BEGIN RAW DATA

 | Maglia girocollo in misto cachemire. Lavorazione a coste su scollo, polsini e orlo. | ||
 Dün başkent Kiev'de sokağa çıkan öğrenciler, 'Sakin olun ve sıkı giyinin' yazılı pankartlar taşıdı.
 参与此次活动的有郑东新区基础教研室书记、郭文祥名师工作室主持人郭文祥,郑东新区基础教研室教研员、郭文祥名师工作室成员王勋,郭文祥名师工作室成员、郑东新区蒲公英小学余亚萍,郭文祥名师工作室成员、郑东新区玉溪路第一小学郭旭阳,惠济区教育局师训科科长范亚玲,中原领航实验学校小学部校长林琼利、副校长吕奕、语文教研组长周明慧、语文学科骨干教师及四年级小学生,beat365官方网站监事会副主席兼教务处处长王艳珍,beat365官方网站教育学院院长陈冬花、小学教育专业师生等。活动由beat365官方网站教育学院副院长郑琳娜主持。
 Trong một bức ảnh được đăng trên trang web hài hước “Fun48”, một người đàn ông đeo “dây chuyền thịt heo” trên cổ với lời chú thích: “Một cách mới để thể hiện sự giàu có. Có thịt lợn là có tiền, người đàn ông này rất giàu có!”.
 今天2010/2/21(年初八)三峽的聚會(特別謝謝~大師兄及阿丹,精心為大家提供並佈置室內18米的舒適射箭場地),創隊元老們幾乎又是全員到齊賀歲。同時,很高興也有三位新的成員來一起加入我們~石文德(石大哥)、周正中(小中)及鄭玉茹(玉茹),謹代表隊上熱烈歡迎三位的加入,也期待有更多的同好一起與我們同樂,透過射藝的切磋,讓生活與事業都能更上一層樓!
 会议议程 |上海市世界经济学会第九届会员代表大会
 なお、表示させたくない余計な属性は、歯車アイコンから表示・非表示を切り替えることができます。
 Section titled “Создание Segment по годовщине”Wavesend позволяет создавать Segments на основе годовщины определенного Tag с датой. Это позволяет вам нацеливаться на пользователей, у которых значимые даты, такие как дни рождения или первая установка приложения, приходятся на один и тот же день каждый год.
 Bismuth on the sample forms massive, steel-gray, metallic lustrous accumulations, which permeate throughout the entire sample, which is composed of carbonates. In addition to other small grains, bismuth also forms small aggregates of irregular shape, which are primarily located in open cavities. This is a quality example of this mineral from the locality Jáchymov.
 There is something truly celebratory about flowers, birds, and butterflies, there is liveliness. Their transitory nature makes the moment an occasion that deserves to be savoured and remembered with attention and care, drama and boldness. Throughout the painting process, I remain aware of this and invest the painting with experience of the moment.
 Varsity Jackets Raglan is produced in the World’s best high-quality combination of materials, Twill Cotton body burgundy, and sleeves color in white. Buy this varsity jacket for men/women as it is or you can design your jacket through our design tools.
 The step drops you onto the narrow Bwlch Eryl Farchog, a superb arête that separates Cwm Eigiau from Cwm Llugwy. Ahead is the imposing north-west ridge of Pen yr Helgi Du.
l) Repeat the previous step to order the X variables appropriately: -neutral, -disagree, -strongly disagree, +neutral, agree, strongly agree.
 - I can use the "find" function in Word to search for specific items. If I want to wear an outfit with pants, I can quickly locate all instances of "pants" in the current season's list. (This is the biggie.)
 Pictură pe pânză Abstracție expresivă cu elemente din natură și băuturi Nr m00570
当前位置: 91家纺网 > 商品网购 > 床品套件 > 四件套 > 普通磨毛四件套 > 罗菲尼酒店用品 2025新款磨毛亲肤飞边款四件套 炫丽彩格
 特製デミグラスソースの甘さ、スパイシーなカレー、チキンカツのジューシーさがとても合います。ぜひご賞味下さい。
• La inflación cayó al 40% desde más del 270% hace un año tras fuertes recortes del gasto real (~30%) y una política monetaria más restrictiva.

END RAW DATA

:: WORK INSTRUCTIONS ::
Each line of the data is to be retyped exactly as shown.

:: TASK SOLUTION ::
 | Maglia girocollo in misto cachemire. Lavorazione a coste su scollo, polsini e orlo. | ||
 Dün başkent Kiev'de sokağa çıkan öğrenciler, 'Sakin olun ve sıkı giyinin' yazılı pankartlar taşıdı.
 参与此次活动的有郑东新区基础教研室书记、郭文祥名师工作室主持人郭文祥,郑东新区基础教研室教研员、郭文祥名师工作室成员王勋,郭文祥名师工作室成员、郑东新区蒲公英小学余亚萍,郭文祥名师工作室成员、郑东新区玉溪路第一小学郭旭阳,惠济区教育局师训科科长范亚玲,中原领航实验学校小学部校长林琼利、副校长吕奕、语文教研组长周明慧、语文学科骨干教师及四年级小学生,beat365官方网站监事会副主席兼教务处处长王艳珍,beat365官方网站教育学院院长陈冬花、小学教育专业师生等。活动由beat365官方网站教育学院副院长郑琳娜主持。
 Trong một bức ảnh được đăng trên trang web hài hước “Fun48”, một người đàn ông đeo “dây chuyền thịt heo” trên cổ với lời chú thích: “Một cách mới để thể hiện sự giàu có. Có thịt lợn là có tiền, người đàn ông này rất giàu có!”.
 今天2010/2/21(年初八)三峽的聚會(特別謝謝~大師兄及阿丹,精心為大家提供並佈置室內18米的舒適射箭場地),創隊元老們幾乎又是全員到齊賀歲。同時,很高興也有三位新的成員來一起加入我們~石文德(石大哥)、周正中(小中)及鄭玉茹(玉茹),謹代表隊上熱烈歡迎三位的加入,也期待有更多的同好一起與我們同樂,透過射藝的切磋,讓生活與事業都能更上一層樓!
 会议议程 |上海市世界经济学会第九届会员代表大会
 なお、表示させたくない余計な属性は、歯車アイコンから表示・非表示を切り替えることができます。
 Section titled “Создание Segment по годовщине”Wavesend позволяет создавать Segments на основе годовщины определенного Tag с датой. Это позволяет вам нацеливаться на пользователей, у которых значимые даты, такие как дни рождения или первая установка приложения, приходятся на один и тот же день каждый год.
 Bismuth on the sample forms massive, steel-gray, metallic lustrous accumulations, which permeate throughout the entire sample, which is composed of carbonates. In addition to other small grains, bismuth also forms small aggregates of irregular shape, which are primarily located in open cavities. This is a quality example of this mineral from the locality Jáchymov.
 There is something truly celebratory about flowers, birds, and butterflies, there is liveliness. Their transitory nature makes the moment an occasion that deserves to be savoured and remembered with attention and care, drama and boldness. Throughout the painting process, I remain aware of this and invest the painting with experience of the moment.
 Varsity Jackets Raglan is produced in the World’s best high-quality combination of materials, Twill Cotton body burgundy, and sleeves color in white. Buy this varsity jacket for men/women as it is or you can design your jacket through our design tools.
 The step drops you onto the narrow Bwlch Eryl Farchog, a superb arête that separates Cwm Eigiau from Cwm Llugwy. Ahead is the imposing north-west ridge of Pen yr Helgi Du.
l) Repeat the previous step to order the X variables appropriately: -neutral, -disagree, -strongly disagree, +neutral, agree, strongly agree.
 - I can use the "find" function in Word to search for specific items. If I want to wear an outfit with pants, I can quickly locate all instances of "pants" in the current season's list. (This is the biggie.)
 Pictură pe pânză Abstracție expresivă cu elemente din natură și băuturi Nr m00570
当前位置: 91家纺网 > 商品网购 > 床品套件 > 四件套 > 普通磨毛四件套 > 罗菲尼酒店用品 2025新款磨毛亲肤飞边款四件套 炫丽彩格
 特製デミグラスソースの甘さ、スパイシーなカレー、チキンカツのジューシーさがとても合います。ぜひご賞味下さい。
• La inflación cayó al 40% desde más del 270% hace un año tras fuertes recortes del gasto real (~30%) y una política monetaria más restrictiva.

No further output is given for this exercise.